[Distutils] PEP 470, round 4 - Using Multi Repository Support for External to PyPI Package File Hosting

holger krekel holger at merlinux.eu
Tue Oct 7 12:09:25 CEST 2014

On Fri, Oct 03, 2014 at 15:08 -0400, Donald Stufft wrote:
> > On Oct 3, 2014, at 2:28 PM, holger krekel <holger at merlinux.eu> wrote:
> > 
> > On Sat, Oct 04, 2014 at 00:24 +1000, Nick Coghlan wrote:
> >> On 3 October 2014 22:02, Donald Stufft <donald at stufft.io> wrote:
> >> 
> >>> As far as simplication goes, I don't believe it simplifies the implementation
> >>> of PyPI at all, it just shuffles things around and creates work on my part
> >>> in order to get PyPI supporting the new stuff. It does however let installers
> >>> become simpler and it enables installers to present accurate error information
> >>> that actually helps determine the root cause of a failure instead of the
> >>> current silent failure with a confusing error message model.
> >>> 
> >>> I look forward to your suggestions, but I'm not hopeful. I've been thus far
> >>> unable to determine a way to improve the current solution in a way that isn't
> >>> just papering over one problem without solving the fundamental issue.
> >> 
> >> Donald's perspective here matches my own. 
> > 
> > I don't see the "the fundamental issue" that PEP470 tries to solve.
> > The first para of the abstract says it wants to substitute the existing
> > mechanism for registering external indexes with another one.  It doesn't
> > say why.  And it doesn't say why this can't be done in a backward
> > compatible manner which would be preferable (i hope we agree there).
> The fundamental issue is that PyPI is really two things, an index and a
> repository.
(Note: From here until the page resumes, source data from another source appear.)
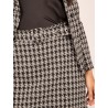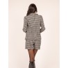 Cette veste noire et blanche Dona Lisa se distingue par sa coupe impeccable et ses détails contrastés. Réalisée dans une étoffe en tweed agréable, elle conserve les caractéristiques de la veste de costume classique avec son col cranté et ses fausses poches à rabat latérales. Notre Maison mise sur une touche rétro avec son motif pied-de-poule en all-over, ainsi que deux rangées de boutons noirs sur le devant. Vous sublimerez cette veste de tailleur avec sa jupe short assortie référence XAGARV.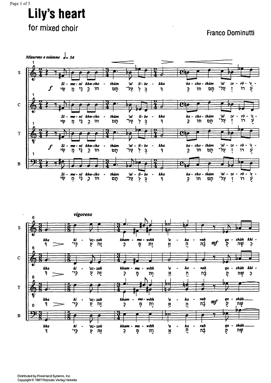Digital Sheet Music for Lily's heart by , Franco Dominutti scored for SATB Choir; id:330824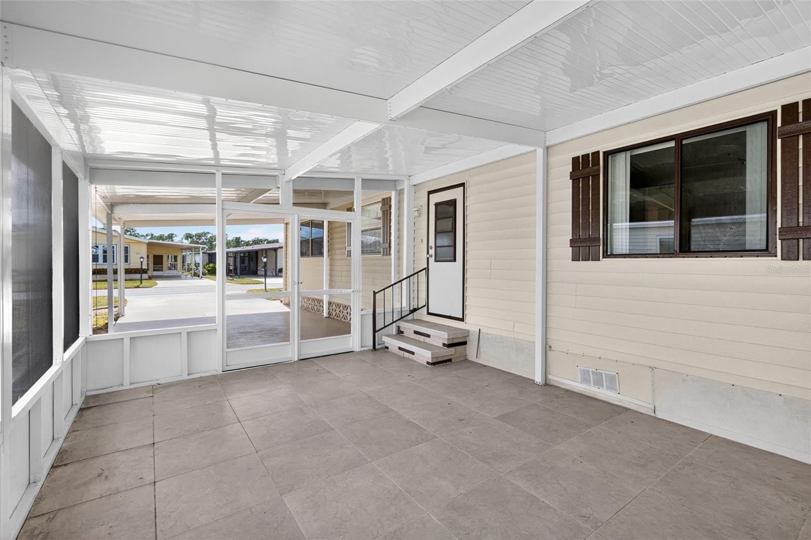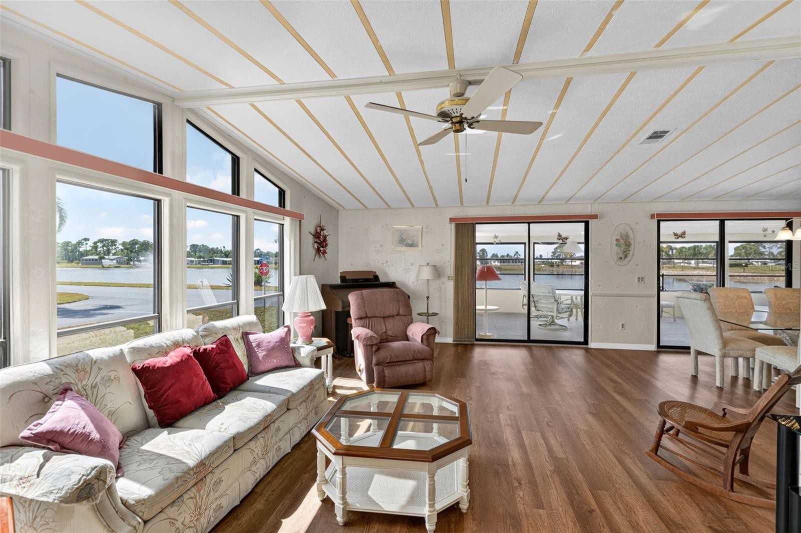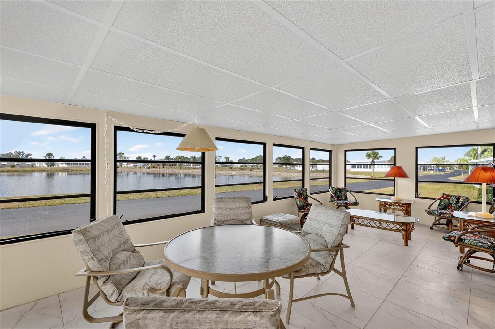 Grab your piece of paradise in La Casa, a vibrant 55+ community. This must-see home is on a substantial lake corner lot and offers stunning views of Lake Escondido, one of our larger lakes, along with glorious sunset views. You will have more than enough room to entertain guests in the spacious living/dining room combination with sliding doors opening onto the large Florida room with a wall of windows facing the lake. In addition to the open kitchen, the primary bedroom, bathroom and walk-in closet are substantial. The secondary bedroom and separate guest bathroom are also quite generous in terms of space. Vaulted ceilings in the living room and dining room. This home has had many upgrades such as a new shingle roof in 2023; new plywood floors in 2022 along with new waterproof laminate throughout the house; new H-vac system in 2020; porcelain floors installed in 2024 in the lanai, screened room and front porch; and the large rebuilt utility room w/washer, dryer, deep sink, work bench and storage. Enjoy this beautiful home in La Casa, a resident-owned community for persons 55+. La Casa offers the ultimate lifestyle on Florida's gulf coast, located between Sarasota and Fort Myers, welcoming you to the good life with loads of recreation, 2 clubhouses, 2 heated pools. There is no shortage of activities in La Casa. Come and see all that La Casa has for the enjoyment of its residents and guests.
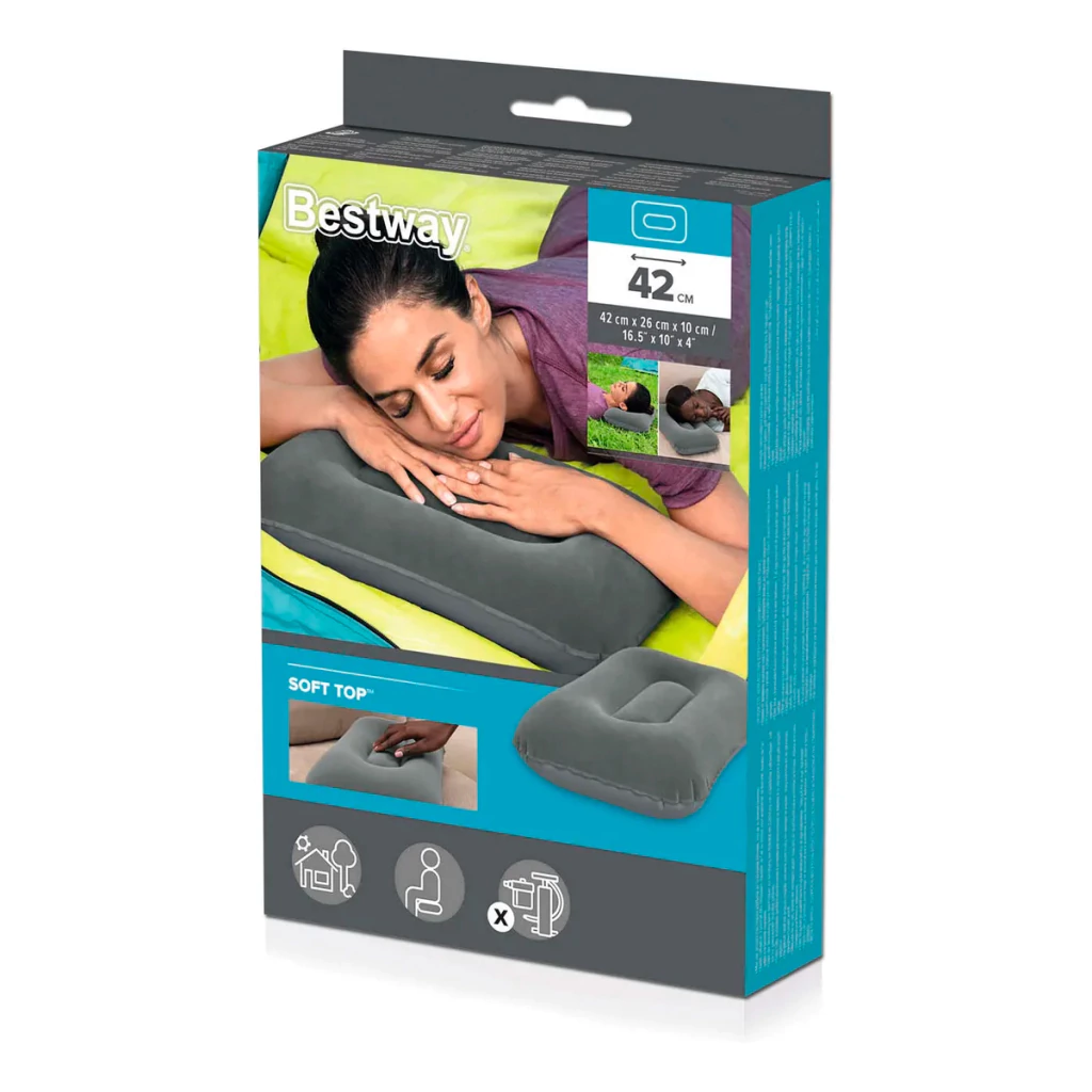 Esta almohada es fácil de inflar y desinflar, lo que permite un rápido armado y guardado sin complicaciones. Además, cuenta con medidas compactas de 42cm x 26cm x 10cm, perfectas para acompañarte sin ocupar mucho espacio.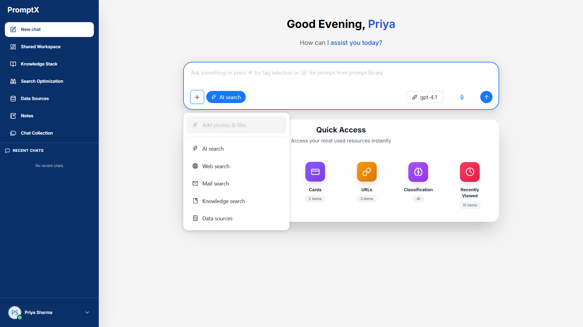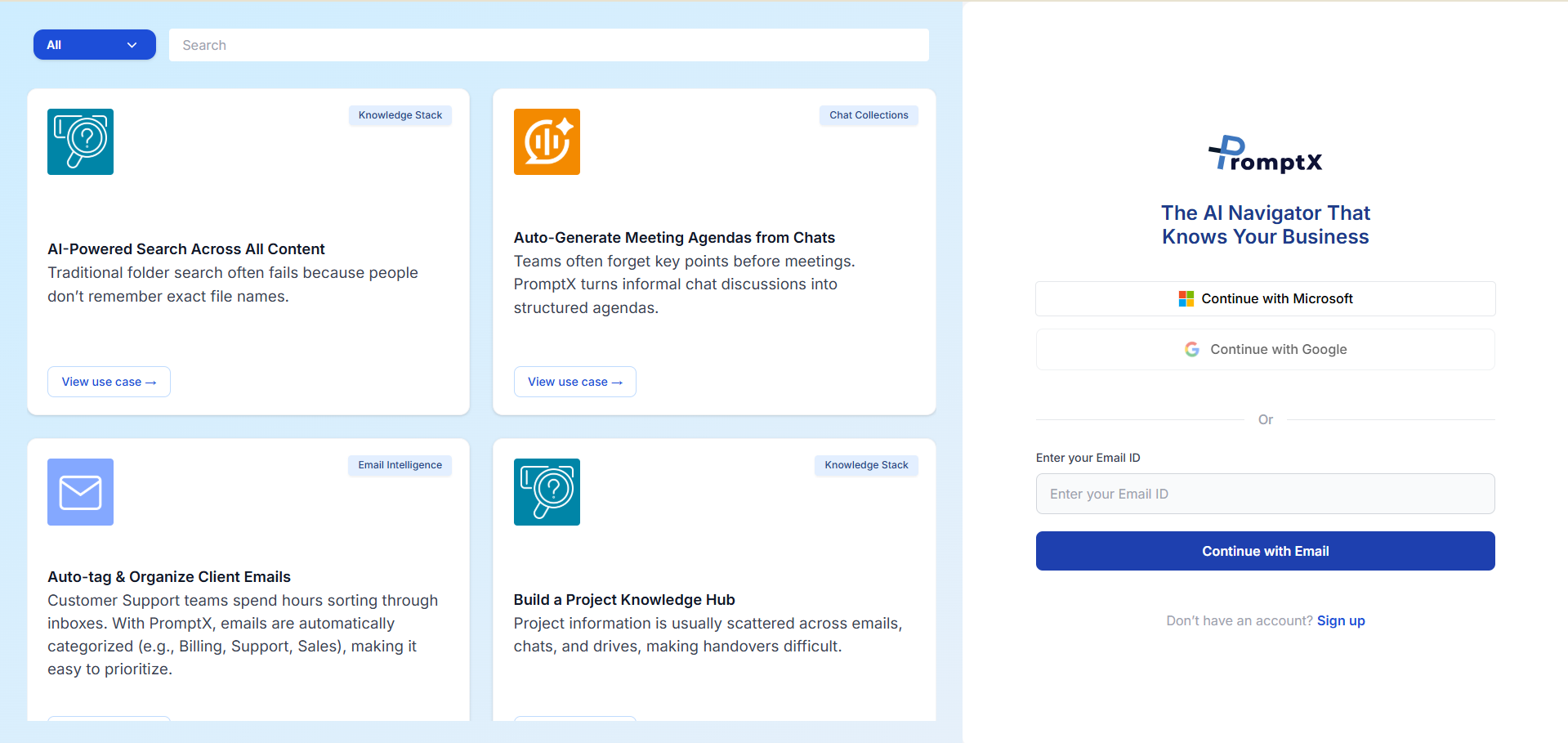 PromptX unifies data across SharePoint, Google Drive, email, cloud, and legacy systems into a single Enterprise Knowledge System. With AI-Powered Search, users ask conversational questions and get context-aware, verifiable answers in seconds.

Currently these two roles are blurred and that lack of distinction
> causes problems for both end users and authors and those problems create a
> certain animosity towards people not wanting to use PyPI as their repository.
> To this aim end users should be aware when they are installing things from
> a repository other than PyPI and they should also be aware when doing so
> is unsafe on the wire.
> PEP 438 solves this problem. End users opt in to using a repository other than
> PyPI. However It is my belief that the pain of doing so has outweighed the
> benefits of PEP 438. 

Well, the main benefit of PEP438 was that it removed random crawling for
some 90% of the packages on the package index, speeding up and making
installs more reliable.  And it did that without breaking backward
compatibility.  And I think PEP470 could achieve its goals this way too.
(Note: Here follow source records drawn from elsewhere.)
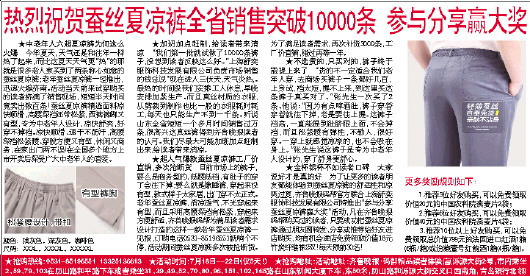 热烈祝贺蚕丝夏凉裤全省销售突破10000条 参与分享赢大奖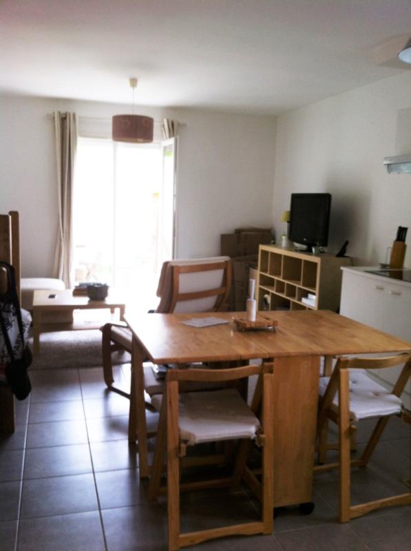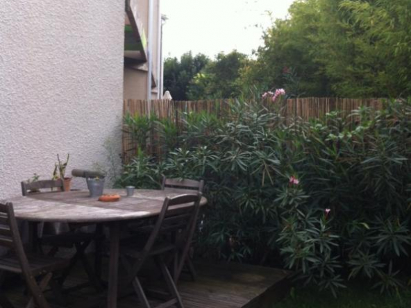 Dans une résidence agréable, une villa T3 duplex comprenant au RDC : une entrée avec placards, un WC, une cuisine équipée (plaque vitrocéramique 4 feux et hotte aspirante) ouverte sur le séjour, donnant sur une terrasse et un jardin clos.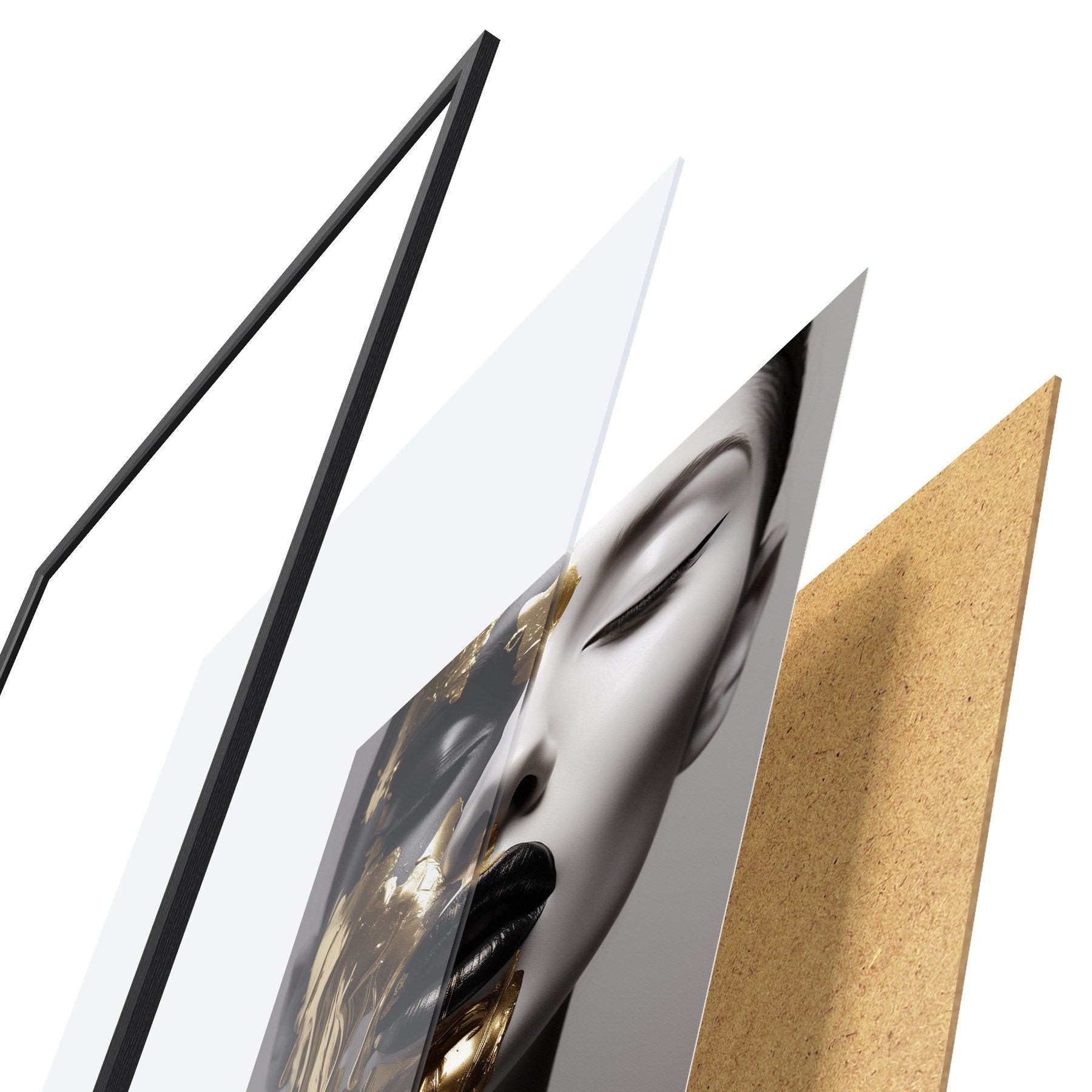 Das Poster besteht aus einem Rahmen, Plexiglas, einem gedruckten Bild und einer Rückwand aus Spanplatten. Dank der Halterungen auf der Rückseite kann das Poster sofort an die Wand gehängt werden.

> Thus PEP 470 attempts to "go back to the drawing board"
> and questions the mechanism for hosting on an alternative repository all
> together.
> > 
> > And because the PEP doesn't precisely say what "fundamental issue"
> > it solves it's a bit hard to present an alternative.  If it's about
> > focusing on "multi-repository operations" and simplifying installer UI
> > it could be done with full backward compat:
> > 
> > - add PyPI maintainer UI to add external indexes along with a message
> Ok, this is part of PEP 470 too.
> > 
> > - change pip to disallow crawling to an external index it finds
> >  but rather present a message that you need to add the index 
> >  manually to your installer invocation. (pip already finds external
> >  crawl URLs and it can also find the "new" ones - no need for
> >  any breakage).
> I had thought of similar things, and my reasons for not using an <a
> href> and instead using a meta tag and for removing the old URLs
> instead of just making this in addition to is:
> 1. I don’t *want* users of older versions of pip/easy_install to
> implicitly be fetching these things, they should be able to opt in as
> well and indeed all the mechanisms exist in pip/easy_install for them
> to already do so. The only thing that doesn’t exist is the discovery
> mechanism.

I think it's better to generally avoid deliberately breaking things.
Things break enough even when we don't intend them to.
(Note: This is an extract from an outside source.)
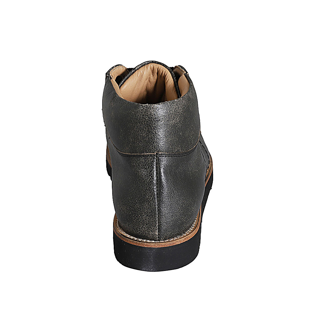 Men's ankle-high casual laced shoe in grey vintage leather with removable insole - Available sizes:  36, 37, 38, 46, 47, 49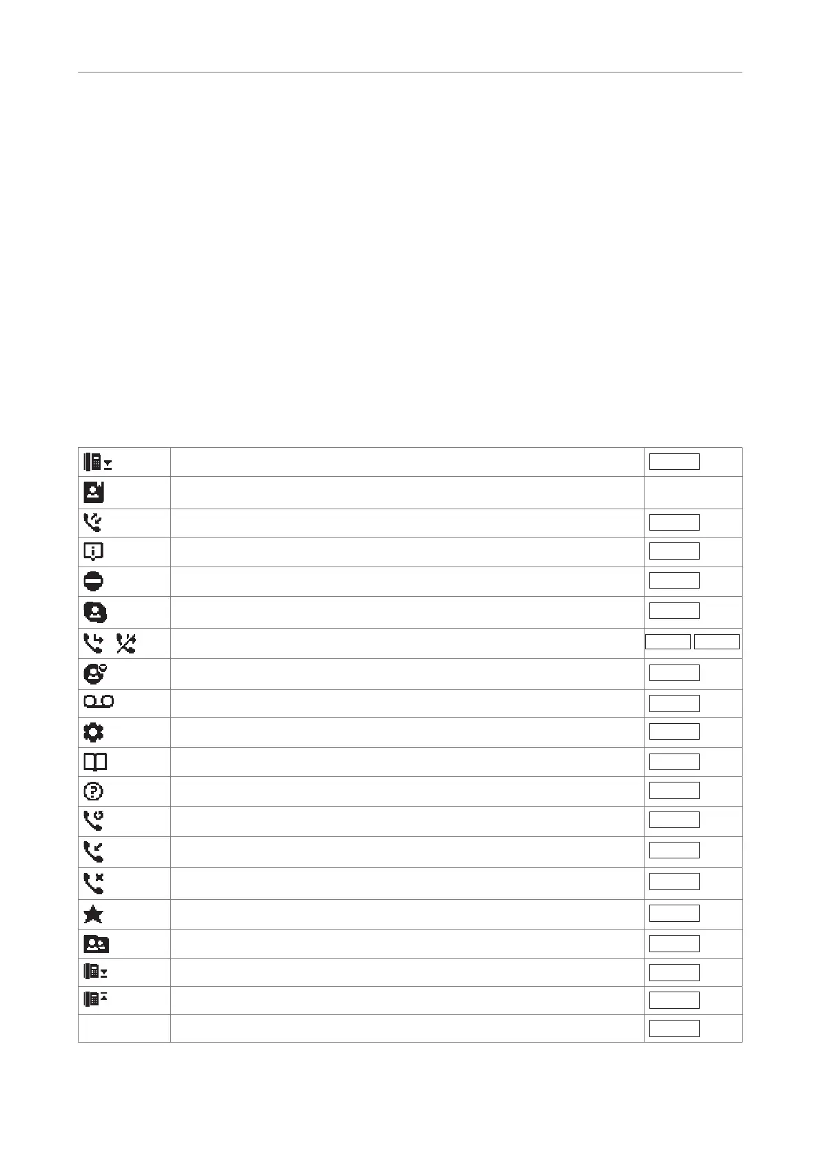 These are the symbols displayed in the function key line when the phone is idle. They can be selected

IOW, Pypi should IMO aim to preserve working with as many client side
scenarios as possible -- while adding things and improving for newer
versions of clients.

> 2. This doesn’t actually prevent breakage, it just links the breakage
> to the version of pip/easy_install someone is using at the cost that
> people with older clients are implicitly fetching things, some of
> which may or may not be safe.

I am not sure i follow here, sorry.  There are two things the PEP does:

1. remove "registered verified external links"

2. support recording external indexes for a project

The first could be done without breakage except for the users and maintainers
of that feature -- i take it we are still talking about just a few thousand
client side uses and 60 project maintainers, right?

The second could be done without breakage alltogether i think:  at one
time all external urls are auto-registered as external indexes 
and they are presented on the simple page with some meta information
that does not confuse older pips/easy_installs.  Newer pips/easy_installs
can then provide nice error messages.  Older pips can continue to use
the PEP438 options.  And easy install can continue to work.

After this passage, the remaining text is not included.